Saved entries
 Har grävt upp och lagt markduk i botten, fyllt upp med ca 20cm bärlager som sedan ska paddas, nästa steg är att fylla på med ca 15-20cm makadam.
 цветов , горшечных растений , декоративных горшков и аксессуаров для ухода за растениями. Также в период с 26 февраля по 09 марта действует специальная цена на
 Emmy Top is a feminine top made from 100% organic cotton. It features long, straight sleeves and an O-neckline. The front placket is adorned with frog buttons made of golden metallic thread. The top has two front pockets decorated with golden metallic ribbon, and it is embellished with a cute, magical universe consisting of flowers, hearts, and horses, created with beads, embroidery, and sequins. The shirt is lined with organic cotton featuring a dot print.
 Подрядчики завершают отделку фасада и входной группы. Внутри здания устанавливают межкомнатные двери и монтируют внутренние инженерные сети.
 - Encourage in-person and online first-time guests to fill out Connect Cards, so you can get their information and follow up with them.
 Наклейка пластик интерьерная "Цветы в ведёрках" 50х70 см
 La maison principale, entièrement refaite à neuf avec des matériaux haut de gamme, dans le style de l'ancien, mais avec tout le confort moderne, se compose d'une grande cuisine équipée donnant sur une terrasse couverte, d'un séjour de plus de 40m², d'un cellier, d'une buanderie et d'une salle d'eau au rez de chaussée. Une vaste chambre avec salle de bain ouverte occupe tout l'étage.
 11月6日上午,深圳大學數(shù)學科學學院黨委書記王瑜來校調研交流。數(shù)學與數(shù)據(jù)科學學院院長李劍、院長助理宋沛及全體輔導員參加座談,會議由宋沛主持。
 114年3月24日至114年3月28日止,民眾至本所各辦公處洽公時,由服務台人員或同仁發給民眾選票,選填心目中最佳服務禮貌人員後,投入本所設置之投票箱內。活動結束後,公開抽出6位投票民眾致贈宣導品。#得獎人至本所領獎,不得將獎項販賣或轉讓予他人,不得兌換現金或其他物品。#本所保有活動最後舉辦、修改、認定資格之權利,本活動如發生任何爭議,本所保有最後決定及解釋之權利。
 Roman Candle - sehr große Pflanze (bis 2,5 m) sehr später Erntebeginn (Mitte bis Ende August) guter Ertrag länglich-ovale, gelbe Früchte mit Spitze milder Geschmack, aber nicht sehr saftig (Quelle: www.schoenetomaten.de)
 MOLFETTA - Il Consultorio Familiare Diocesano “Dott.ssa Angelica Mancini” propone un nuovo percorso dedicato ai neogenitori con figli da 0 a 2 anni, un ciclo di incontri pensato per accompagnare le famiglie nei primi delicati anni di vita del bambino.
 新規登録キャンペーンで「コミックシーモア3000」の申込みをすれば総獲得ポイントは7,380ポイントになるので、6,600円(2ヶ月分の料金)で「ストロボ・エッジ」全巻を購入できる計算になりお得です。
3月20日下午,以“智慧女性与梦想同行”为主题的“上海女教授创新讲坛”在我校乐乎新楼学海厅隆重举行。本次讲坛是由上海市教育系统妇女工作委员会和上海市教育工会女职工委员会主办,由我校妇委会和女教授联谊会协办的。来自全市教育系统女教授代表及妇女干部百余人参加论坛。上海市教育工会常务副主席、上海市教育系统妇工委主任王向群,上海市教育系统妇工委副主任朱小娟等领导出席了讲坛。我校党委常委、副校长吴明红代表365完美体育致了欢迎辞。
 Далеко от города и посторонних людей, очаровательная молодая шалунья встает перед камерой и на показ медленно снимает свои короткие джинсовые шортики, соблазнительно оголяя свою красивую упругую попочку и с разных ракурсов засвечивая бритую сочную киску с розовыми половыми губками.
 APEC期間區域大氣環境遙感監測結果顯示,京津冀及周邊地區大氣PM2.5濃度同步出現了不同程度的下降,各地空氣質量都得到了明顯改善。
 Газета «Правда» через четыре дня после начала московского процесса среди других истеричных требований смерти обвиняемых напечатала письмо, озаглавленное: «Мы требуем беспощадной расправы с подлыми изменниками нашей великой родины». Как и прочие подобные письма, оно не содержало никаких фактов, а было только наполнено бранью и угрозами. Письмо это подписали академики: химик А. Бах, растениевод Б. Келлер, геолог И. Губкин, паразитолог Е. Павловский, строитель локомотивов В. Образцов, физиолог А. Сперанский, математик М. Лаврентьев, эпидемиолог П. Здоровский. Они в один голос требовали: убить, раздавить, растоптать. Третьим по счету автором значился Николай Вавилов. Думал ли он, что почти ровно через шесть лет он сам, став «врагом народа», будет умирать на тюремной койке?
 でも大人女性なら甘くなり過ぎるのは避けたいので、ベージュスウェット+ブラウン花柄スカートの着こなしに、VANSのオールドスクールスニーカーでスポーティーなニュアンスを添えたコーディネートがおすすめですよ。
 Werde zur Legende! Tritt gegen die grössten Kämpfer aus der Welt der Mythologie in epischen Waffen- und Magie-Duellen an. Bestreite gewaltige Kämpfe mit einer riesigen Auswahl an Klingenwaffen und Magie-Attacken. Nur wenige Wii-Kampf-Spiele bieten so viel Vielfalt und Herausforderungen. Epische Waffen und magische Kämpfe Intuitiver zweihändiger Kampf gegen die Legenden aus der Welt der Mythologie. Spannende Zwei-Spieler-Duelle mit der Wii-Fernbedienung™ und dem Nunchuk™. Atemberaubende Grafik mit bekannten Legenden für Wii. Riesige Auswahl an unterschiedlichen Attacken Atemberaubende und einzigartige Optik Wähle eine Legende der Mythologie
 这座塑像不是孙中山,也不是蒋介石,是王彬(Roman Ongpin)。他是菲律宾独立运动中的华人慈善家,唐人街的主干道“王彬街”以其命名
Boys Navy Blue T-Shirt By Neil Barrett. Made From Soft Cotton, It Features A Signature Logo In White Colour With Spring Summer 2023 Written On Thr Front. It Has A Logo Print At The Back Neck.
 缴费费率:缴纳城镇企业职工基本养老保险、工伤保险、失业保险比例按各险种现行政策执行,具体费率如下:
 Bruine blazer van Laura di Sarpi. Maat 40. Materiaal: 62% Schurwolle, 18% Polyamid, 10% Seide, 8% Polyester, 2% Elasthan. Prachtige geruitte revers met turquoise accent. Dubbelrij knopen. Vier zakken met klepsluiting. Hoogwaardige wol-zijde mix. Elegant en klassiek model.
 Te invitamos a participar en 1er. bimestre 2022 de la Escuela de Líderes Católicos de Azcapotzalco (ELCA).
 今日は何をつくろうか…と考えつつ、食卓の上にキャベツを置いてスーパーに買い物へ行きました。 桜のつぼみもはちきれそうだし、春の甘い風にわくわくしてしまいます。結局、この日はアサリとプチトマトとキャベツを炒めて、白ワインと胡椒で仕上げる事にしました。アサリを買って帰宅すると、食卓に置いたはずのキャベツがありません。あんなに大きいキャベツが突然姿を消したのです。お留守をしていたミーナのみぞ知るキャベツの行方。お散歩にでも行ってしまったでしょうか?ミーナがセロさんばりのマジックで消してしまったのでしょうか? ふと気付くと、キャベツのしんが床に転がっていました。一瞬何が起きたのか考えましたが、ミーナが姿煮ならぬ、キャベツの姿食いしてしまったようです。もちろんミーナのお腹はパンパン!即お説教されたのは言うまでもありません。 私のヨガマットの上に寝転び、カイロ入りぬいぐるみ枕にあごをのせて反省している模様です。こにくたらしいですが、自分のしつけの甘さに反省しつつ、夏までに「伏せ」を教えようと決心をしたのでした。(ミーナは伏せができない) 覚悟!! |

What you are asked to do
Note how many lines of the entries contain the string "Roman", then give that number by itself.

Reply
2